Призрак: Участвовали. Мы добровольцы, мы все были согласны на штурмы, поэтому тех, кто был согласен, собирали в группы, они в них участвовали. Человека три за несколько штурмов потеряли, и достаточно много раненых было.

Корр.: Расскажи, как проходит штурм. Сперва артподготовка идет, разведка должна быть. Как весь механизм этот работает?

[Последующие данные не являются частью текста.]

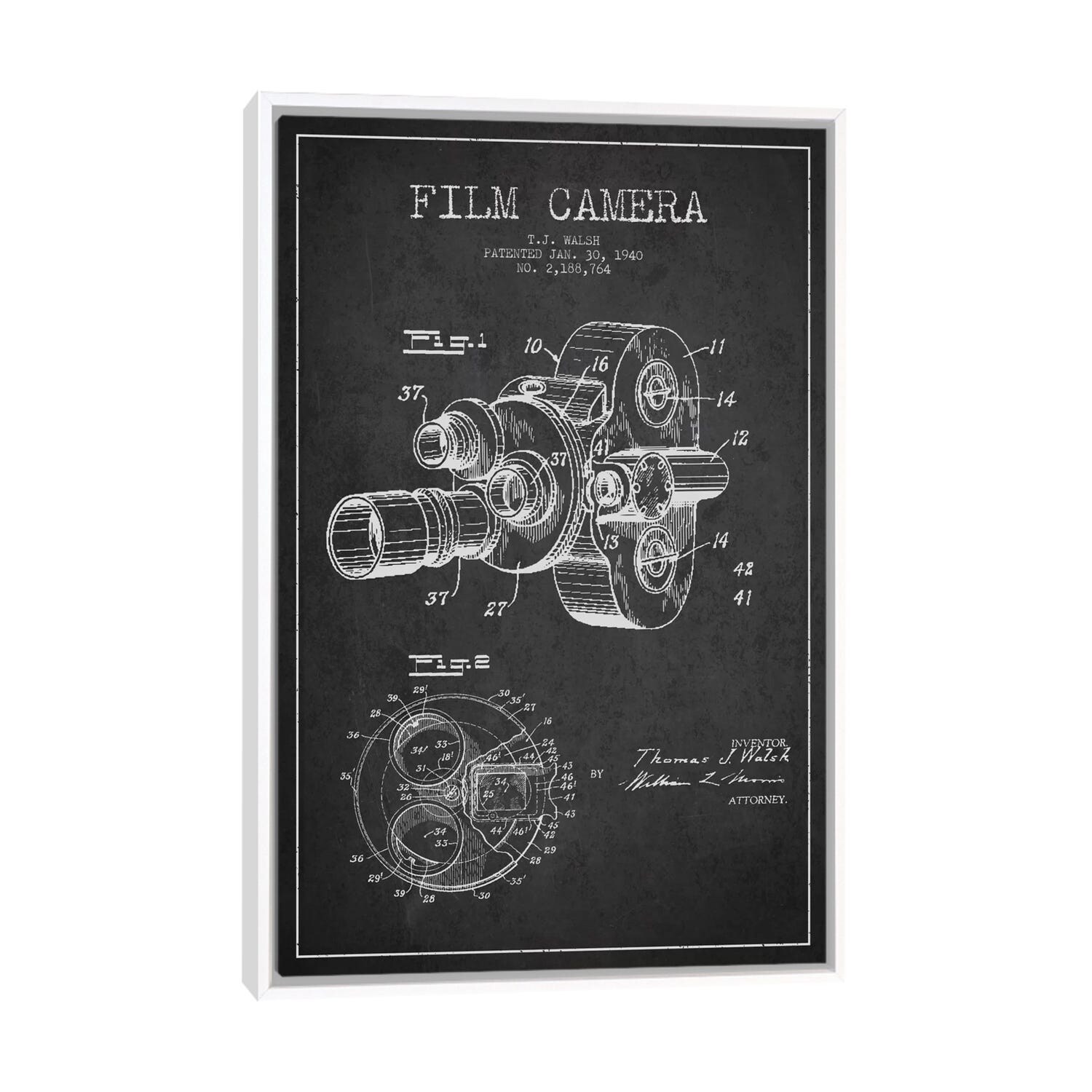 iCanvas "Camera Charcoal Patent Blueprint" by Aged Pixel Framed

Призрак: В моем представлении, штурм — это когда ты разведал абсолютно всю ситуацию, ты знаешь, где они сидят, знаешь позиции подхода. И ты начинаешь по карте составлять маршрут — как грамотно заходить, что делать в случае отступления, где должна быть группа эвакуации, как проводить доразведку местности. Примерно так всё и проходит из того, что при мне было. Но, конечно, в различных ситуациях везде по-разному.

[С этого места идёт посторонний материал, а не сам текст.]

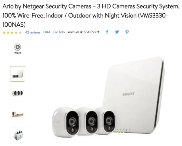 NETGEAR Arlo 家庭安全系统 (3个无线HD摄像头) ,黑五价$199.99,立省$300

Корр.: Роль артиллерии важна?

Призрак: Конечно. Она должна отработать по определенным зданиям, локациям, в которых выявлены узлы сопротивления. Мы, к примеру, даже думали брать с собой АГС. Меня раза четыре должны были отправлять, потому что знаю, как корректировать поддержку группы. То есть, если группа продвигается и где-то открывают огонь, либо я сам набрасываю, либо говорю, где конкретно, и по противнику отрабатывают. Могу передавать данные. В задаче снайпера в основном — это наблюдение, корректировка и также отработка. Но крайне редко сейчас в условиях СВО применяется отработка снайпером, потому что дистанции выросли. Есть штатная СВД, ею можно работать при штурме и в городских условиях. СВД все-таки решает до сих пор свои задачи. Но в окопе — надо что-то крупнокалиберное. К примеру, как армейская АСВК-Корд, либо что-то выше калибра 7,62.

Корр.: Скажи, а печально известные HIMARS’ы, — вы их наблюдали?

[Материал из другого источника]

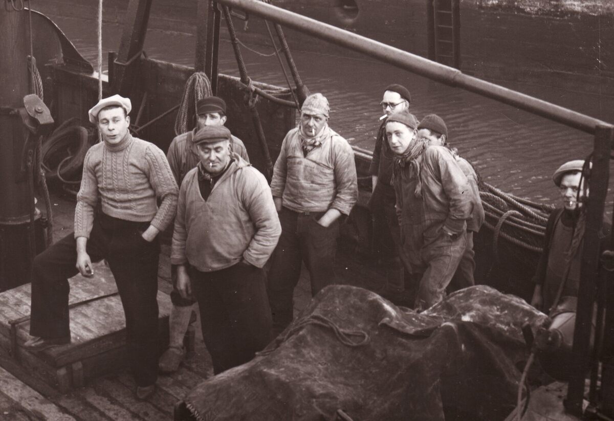 Formaat : 13 x 18 cm. - De bemanning van een vissersvaartuig bij het vertrek in de sluis van het Visserijdok.

Призрак: Конкретно по нам они не отрабатывали, я больше слышал, что по ним работала наша авиация и крылатые ракеты, потому что это достаточно опасная дальнобойная система, как наши РСЗО «Смерч» или «Торнадо-С». По нам прилетала артиллерия, еще до того, как я приезжал, у нас как раз позиция была под бетонной коробкой, примерно как на заводе. Просто попал 152-мм снаряд, и крыши вообще нет. Это обычное попадание. Вся бетонная коробка, грубо говоря, как половина этого кафе — сложилась. Это от одного только снаряда.

Корр.: По твоему мнению, из того, что ты лично видел или слышал от сослуживцев, командиров, — какова сейчас роль НАТО, его структур в функционировании ВСУ?

Призрак: По тому, что я знаю, — иностранцев все-таки становится меньше и меньше. Им хорошо намекнули, что там идет более жесткая война и так «работать», как можно было в Сирии или в Ираке, не выйдет. Повторюсь, воюют две большие регулярные армии. Наемники бывают, и поляки есть. Но поляки сами по себе фанатичные, они идейные, те наемники, которые туда приезжают. Но большинство — это местные, украинцы. Их обучают, конечно, в том числе натовские инструкторы, достаточно долго, хорошо обучают, и потом они уже на передовых позициях. Это несмотря на то, что их там за шкирку ловят постоянно и везут на передовую.

Корр.: Вот вопрос, кстати. Может быть, вы с сослуживцами осмысляли это. Что происходит с сознанием украинцев с той стороны? До них доходит мысль, что они воюют не за свою страну, что они просто жгут ее в этой войне?

Призрак: Думаю, в массе своей они там от всего этого устали. Они не хотят воевать. Что конкретно мы наблюдали — часто у них было такое занятие «ничем» в лесополках. Возникало ощущение, что они просто хотят отсидеться и уйти спокойно, чтобы их не трогали. К примеру, когда наши начинают их, как сейчас в Авдеевке, окружать, они даже не уходят особо из окопов. Они просто укрепляются и сидят спокойно. К примеру, мы один раз обнаружили их миномет, хотели отработать по ним, они просто ночью забрали его и уехали. Выходят на передовую копать без бронежилетов, прекрасно понимая, что по ним не отработают, — зачем по живым людям работать лишний раз. То есть этика все-таки есть в этих вопросах. Ну, копает он без бронежилета — ну пускай копает. И у них так же было. Есть такое — ведь мы прекрасно понимаем, что лишние жертвы не нужны. Потом уже разберемся, что к чему. Никакой озлобленности лично у меня нет. Озлоблены в основном те, кто там не был, — я лично так считаю. Бывало, тебя коптер-разведчик заметил, банально на тебя «посмотрел» и улетел дальше. Вообще-то по тебе сразу же должны отработать всем, чем можно, потому что тебя просто нашли. Но коптер просто «посмотрел», улетел дальше, и ничего. Возможно, конечно, дело в том, что ты никакой ценности для противника не представляешь. Тратить боеприпасы на одного-двух человек — смысла никакого.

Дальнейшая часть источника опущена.